[Data extracted from a collection]
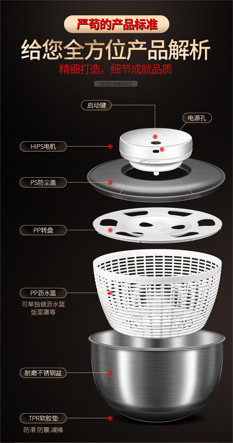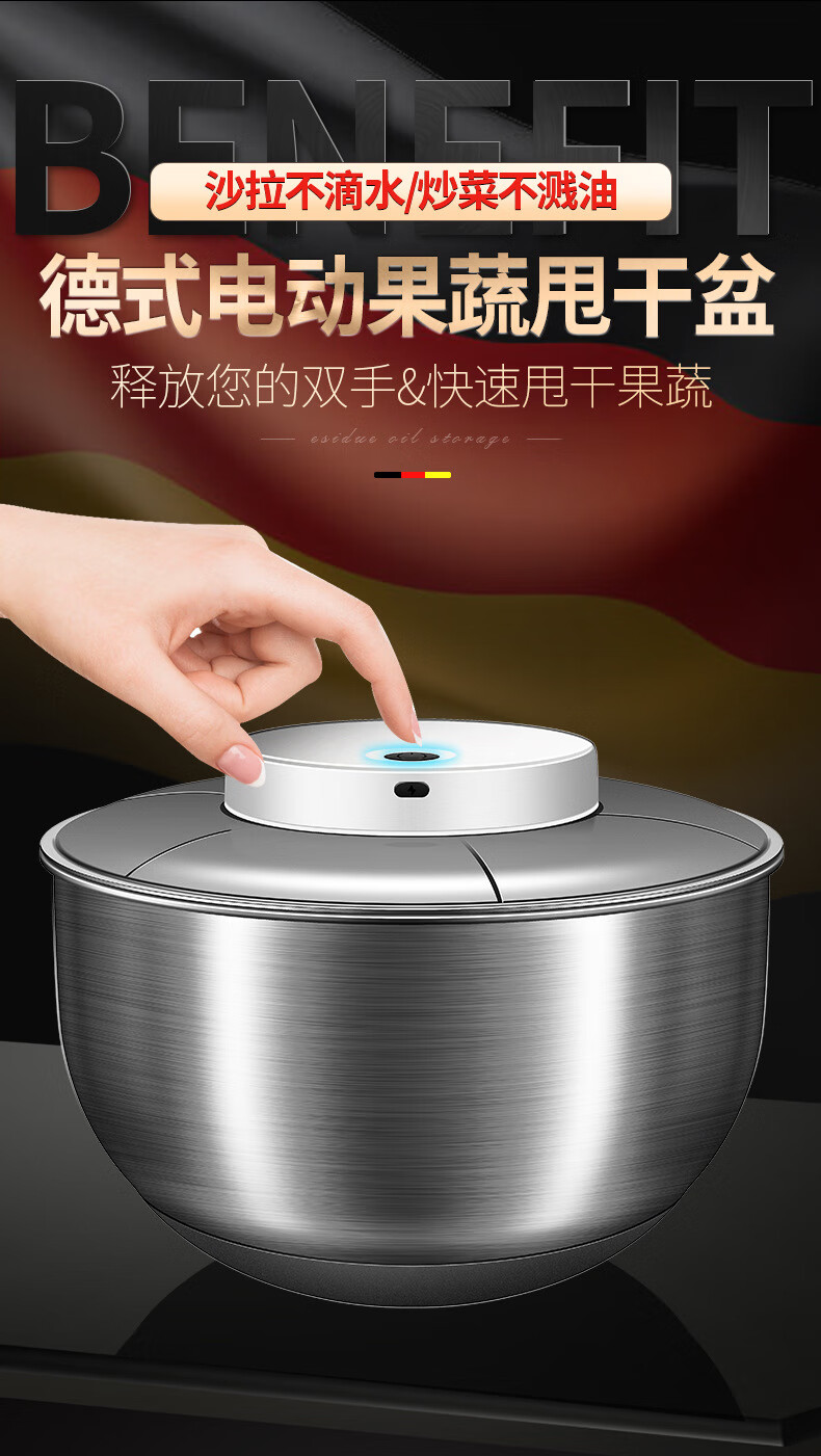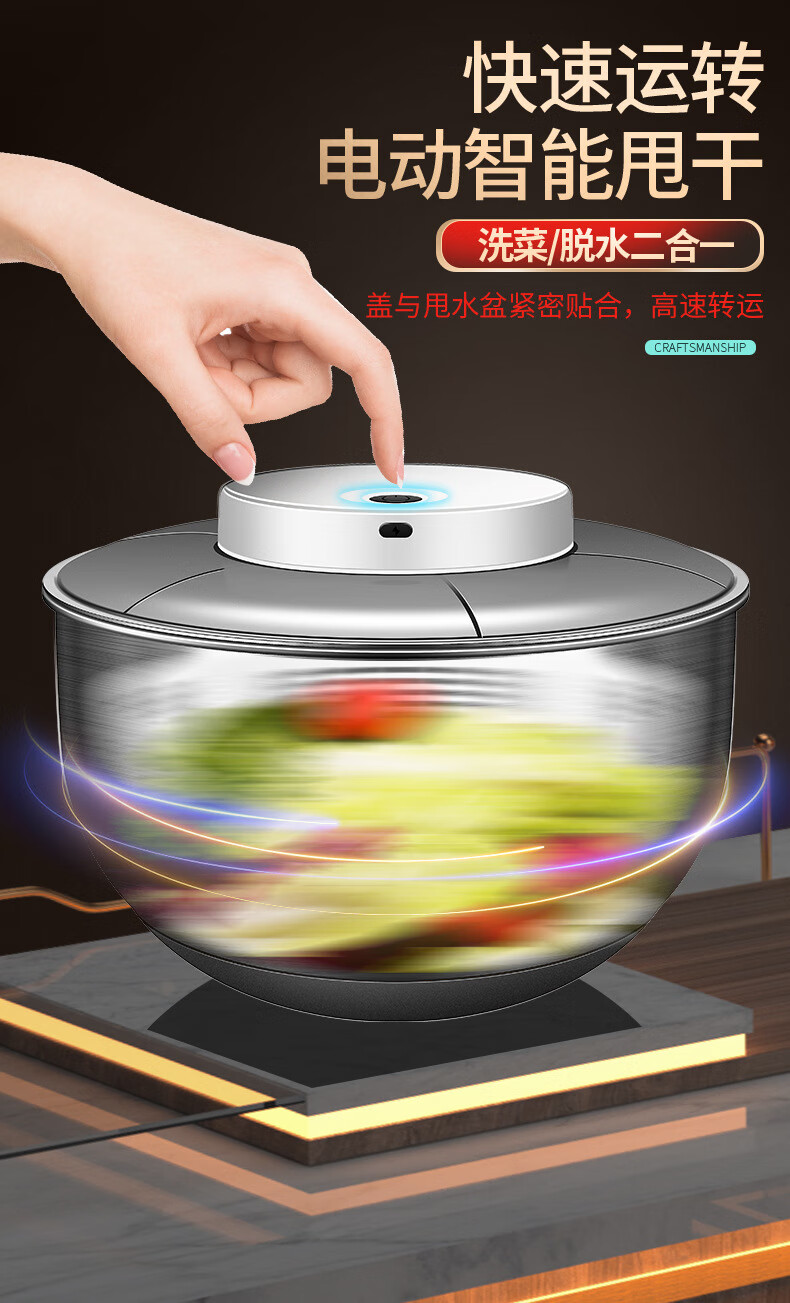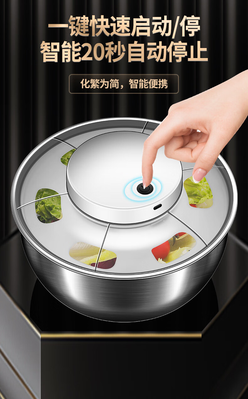 Jingbai stainless steel vegetable salad dehydrator hand-cranked deoiling and drying machine fruit and vegetable drain basket kitchen household vegetable sink stainless steel large 3800ML manual dryer
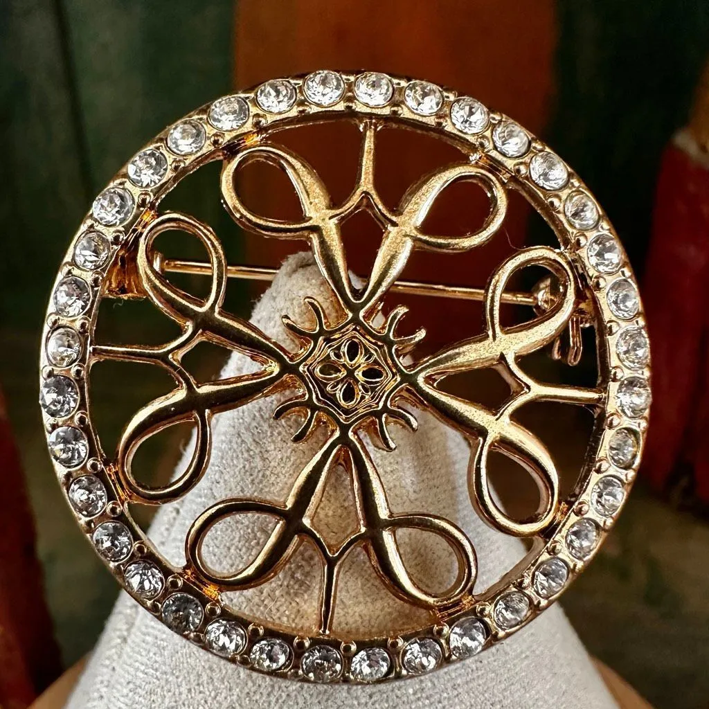 Elegant vintage Nina Ricci for Avon brooch signed NRT. Gold-tone metal with a radiant circular design, accented by sparkling clear rhinestones around the border. A beautiful mix of French designer flair and Avon collectibility, this piece is in excellent condition with no missing stones and brilliant shine. ✨ Styling tip: Perfect for adding a touch of vintage glam to a blazer lapel, scarf, or even clipped onto a handbag for a chic statement. Bundle to save! Free gift with a purchase of 3 or more items Same or next day shipping & packed with care. 📸 Photos are part of the description. #NinaRicci #AvonJewelry #VintageBrooch #RhinestoneBrooch #GoldToneJewelry #VintageStyle #CollectibleBrooch #DesignerJewelry #StatementPin
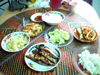 ●昼食 我々も昼食をいっしょにとらせて頂くことに。色々写真を撮っていると「はずかしいからやめて!」と言われてしまった。 |
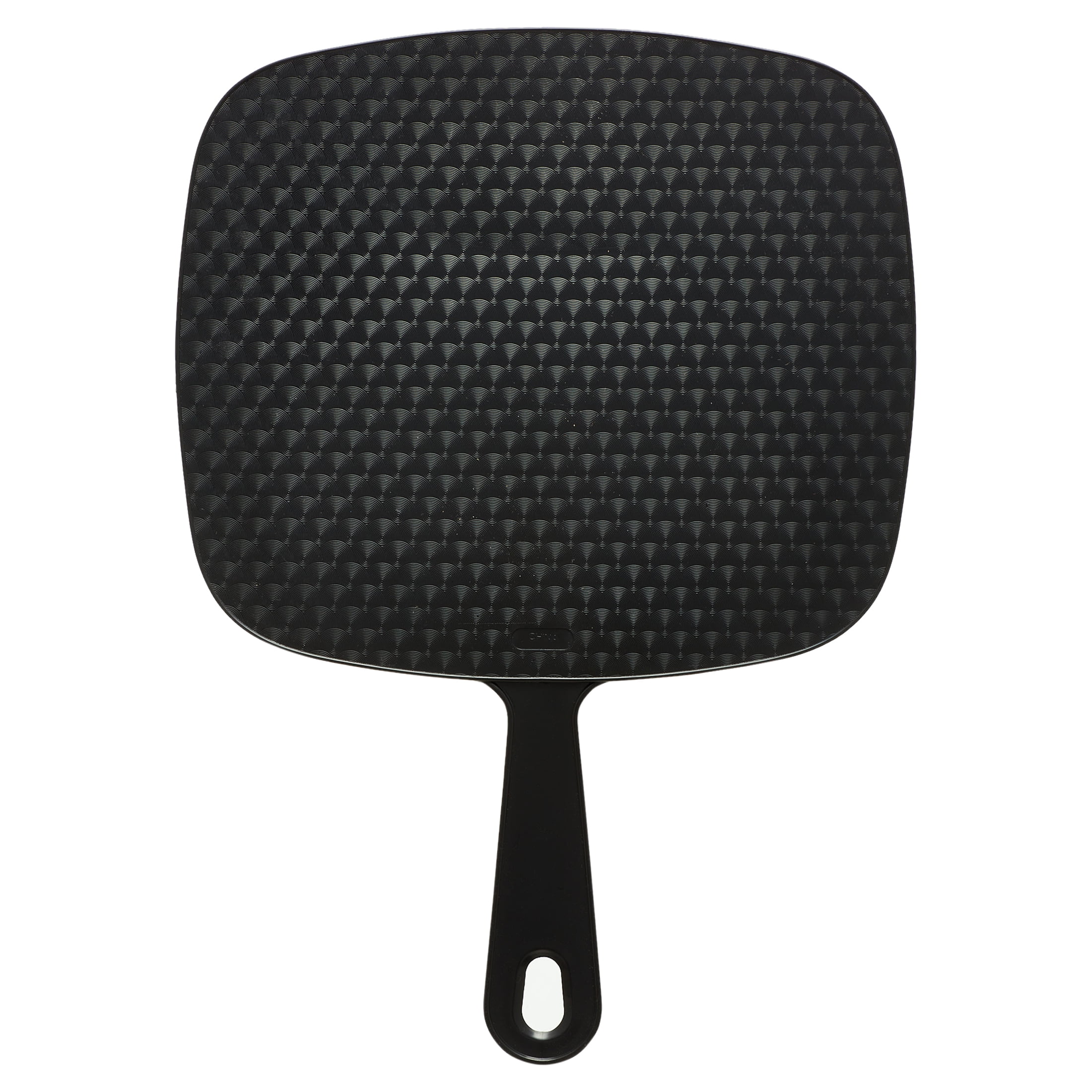 ForPro Large Hand Mirror is a single-sided hand-held mirror that features a long, comfortable grip handle. The large square face provides a clear reflection of hard-to-see places without distorting images. The hand mirror is the ideal way to reveal final creations to clients.• Features a long, comfortable grip handle and large square face; • Provides a clear reflection without distortion; • Mirror is encased in a solid black frame made from thick plastic; • Features a hang hole for easy storage; • Lightweight, weighs only 9 ounces; • 9” W x 12” L;
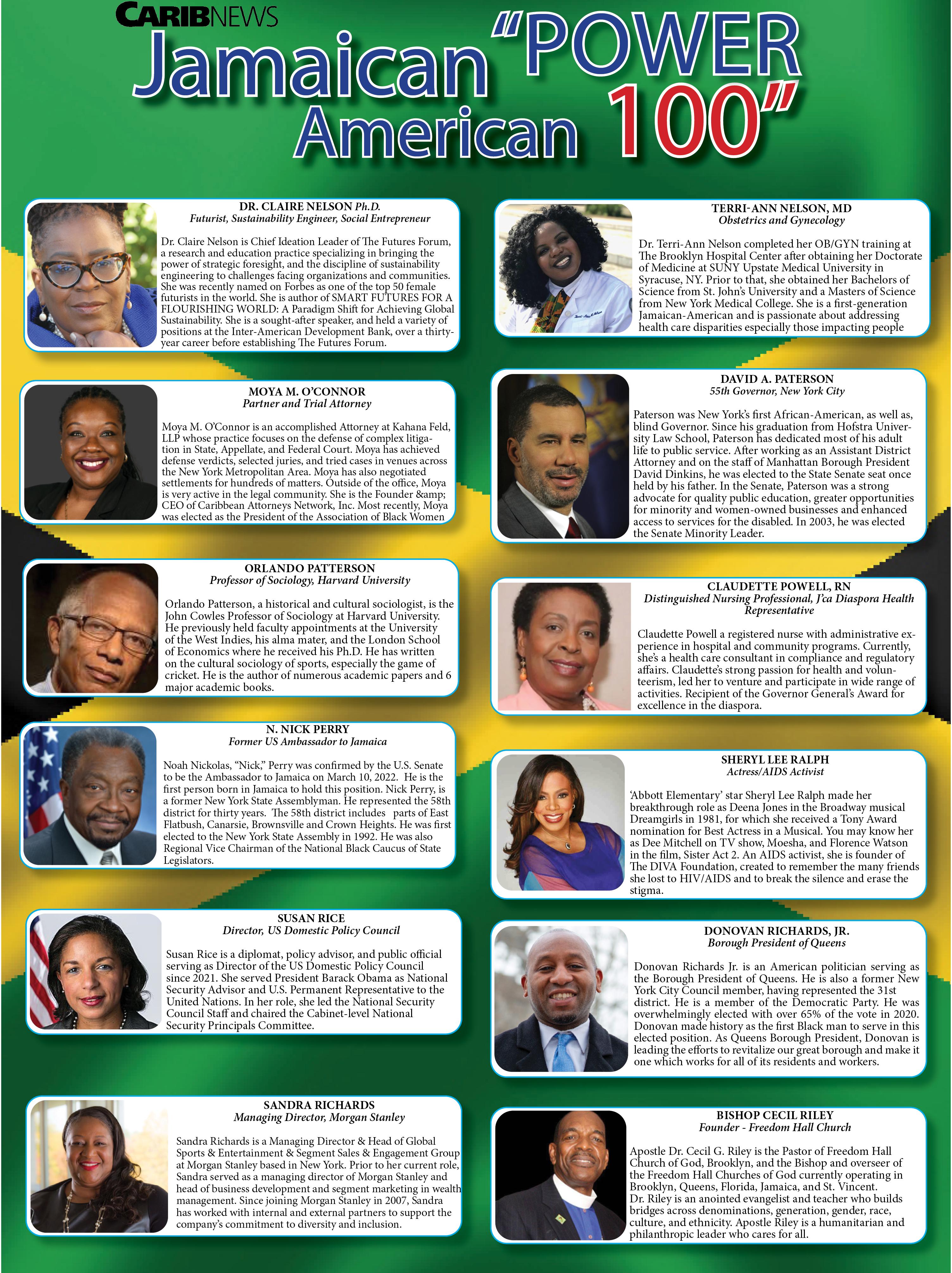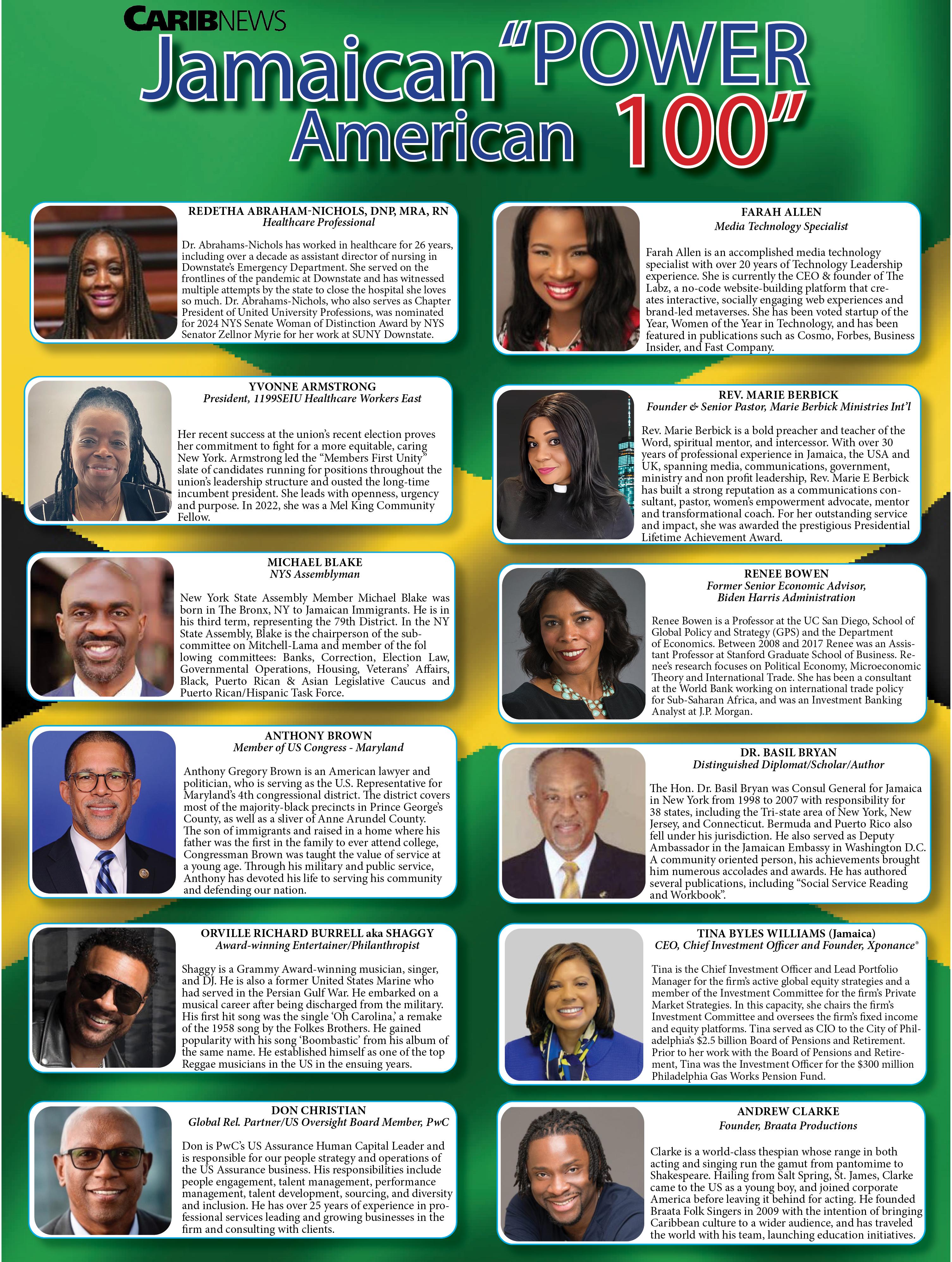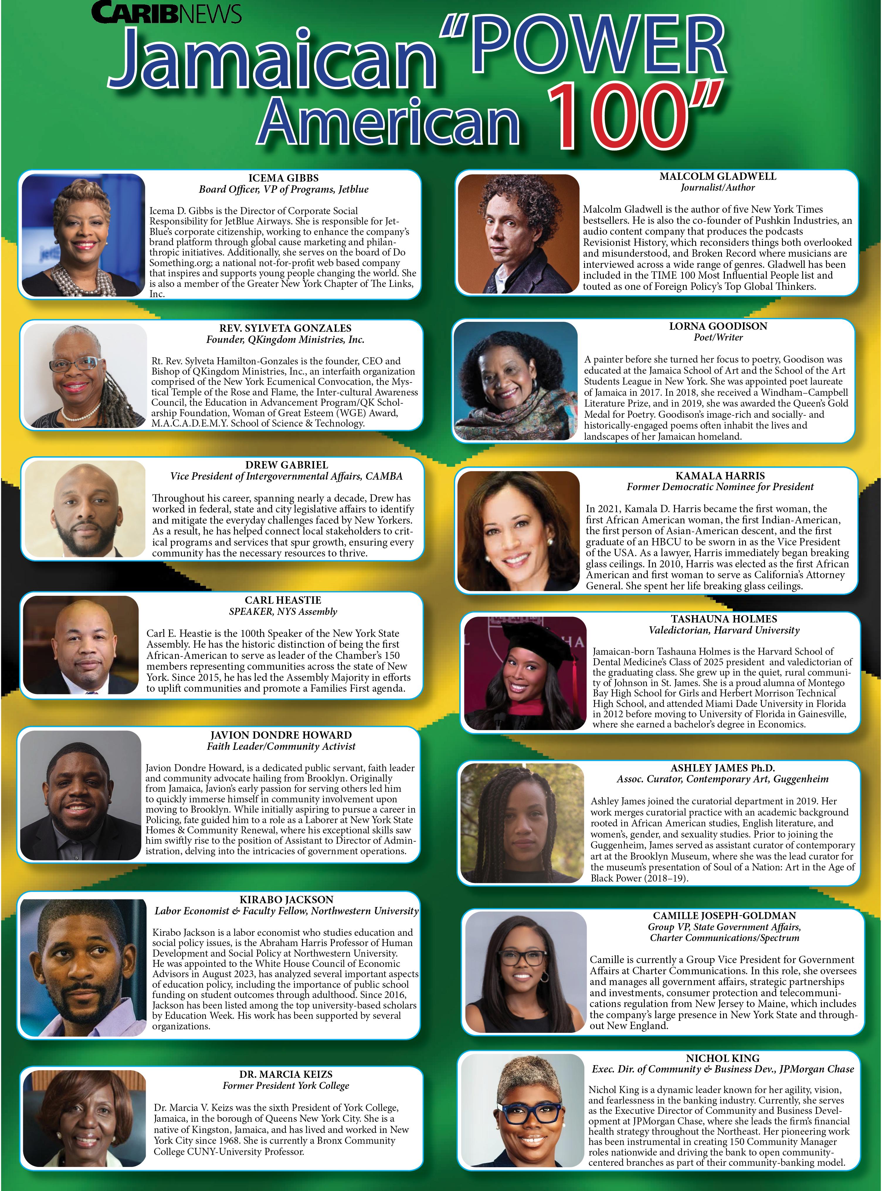 This year’s Carib News “Power 100” honorees stand as a testament to the impact of Jamaicans and JamaicanAmericans across the globe. From corporate boardrooms to Broadway stages, from scientific laboratories to Olympic stadiums, they are not just achieving personal success — they are carrying Brand Jamaica into every corner of the world.

TASK BRIEF:
Starting with the line that contains "Elegant vintage Nina", print every line through the end of the data exactly as written; omit all pictures and add nothing else.

ANSWER TO THE EXERCISE:
 Elegant vintage Nina Ricci for Avon brooch signed NRT. Gold-tone metal with a radiant circular design, accented by sparkling clear rhinestones around the border. A beautiful mix of French designer flair and Avon collectibility, this piece is in excellent condition with no missing stones and brilliant shine. ✨ Styling tip: Perfect for adding a touch of vintage glam to a blazer lapel, scarf, or even clipped onto a handbag for a chic statement. Bundle to save! Free gift with a purchase of 3 or more items Same or next day shipping & packed with care. 📸 Photos are part of the description. #NinaRicci #AvonJewelry #VintageBrooch #RhinestoneBrooch #GoldToneJewelry #VintageStyle #CollectibleBrooch #DesignerJewelry #StatementPin
 ●昼食 我々も昼食をいっしょにとらせて頂くことに。色々写真を撮っていると「はずかしいからやめて!」と言われてしまった。 |
 ForPro Large Hand Mirror is a single-sided hand-held mirror that features a long, comfortable grip handle. The large square face provides a clear reflection of hard-to-see places without distorting images. The hand mirror is the ideal way to reveal final creations to clients.• Features a long, comfortable grip handle and large square face; • Provides a clear reflection without distortion; • Mirror is encased in a solid black frame made from thick plastic; • Features a hang hole for easy storage; • Lightweight, weighs only 9 ounces; • 9” W x 12” L;
 This year’s Carib News “Power 100” honorees stand as a testament to the impact of Jamaicans and JamaicanAmericans across the globe. From corporate boardrooms to Broadway stages, from scientific laboratories to Olympic stadiums, they are not just achieving personal success — they are carrying Brand Jamaica into every corner of the world.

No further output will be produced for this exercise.